The udpipe R package was designed with the following things in mind when building the Rcpp wrapper around the UDPipe C++ library:

  • Give R users simple access in order to easily tokenize, tag, lemmatize or perform dependency parsing on text in any language
  • Provide easy access to pre-trained annotation models
  • Allow R users to easily construct your own annotation model based on data in CONLL-U format as provided in more than 60 treebanks available at http://universaldependencies.org/#ud-treebanks
  • Don’t rely on Python or Java so that R users can easily install this package without configuration hassle
  • No external R package dependencies except the strict necessary (Rcpp and data.table, no tidyverse)

UDPipe the C++ library

  • UDPipe provides language-agnostic tokenization, tagging, lemmatization and dependency parsing of raw text, which is an essential part in natural language processing.
  • UDPipe allows to work with data in CONLL-U format as described at http://universaldependencies.org/format.html
  • The techniques used are explained in detail in the paper: “Tokenizing, POS Tagging, Lemmatizing and Parsing UD 2.0 with UDPipe”, available at http://ufal.mff.cuni.cz/~straka/papers/2017-conll_udpipe.pdf. In that paper, you’ll also find accuracies on different languages and process flow speed (measured in words per second).

udpipe models

Pre-trained models

Before you can start on performing the annotation, you need a model. Pre-trained Universal Dependencies 2.0 models on all UD treebanks are made available at https://ufal.mff.cuni.cz/udpipe, namely at https://lindat.mff.cuni.cz/repository/xmlui/handle/11234/1-2364. These models are made available under the CC BY-NC-SA 4.0 license.

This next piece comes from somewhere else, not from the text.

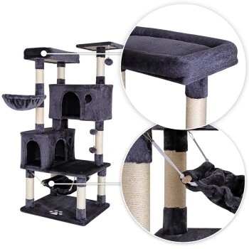- KOMFORTZONE FÜR IHRE KATZE. Dieser Katzenkratzbaum aus weichem Plüsch und umfassenden Beschäftigungsmöglichkeiten schafft die ideale Umgebung für jede Samtpfote. Der Kratzturm garantiert artgerechtes Spielen, Ausruhen und Verstecken. Die Abwechslung zählt!

At the time of writing this consists of models made available on 50 languages trained on 67 treebanks, namely: ancient_greek-proiel, ancient_greek, arabic, basque, belarusian, bulgarian, catalan, chinese, coptic, croatian, czech-cac, czech-cltt, czech, danish, dutch-lassysmall, dutch, english-lines, english-partut, english, estonian, finnish-ftb, finnish, french-partut, french-sequoia, french, galician-treegal, galician, german, gothic, greek, hebrew, hindi, hungarian, indonesian, irish, italian, japanese, kazakh, korean, latin-ittb, latin-proiel, latin, latvian, lithuanian, norwegian-bokmaal, norwegian-nynorsk, old_church_slavonic, persian, polish, portuguese-br, portuguese, romanian, russian-syntagrus, russian, sanskrit, slovak, slovenian-sst, slovenian, spanish-ancora, spanish, swedish-lines, swedish, tamil, turkish, ukrainian, urdu, uyghur, vietnamese.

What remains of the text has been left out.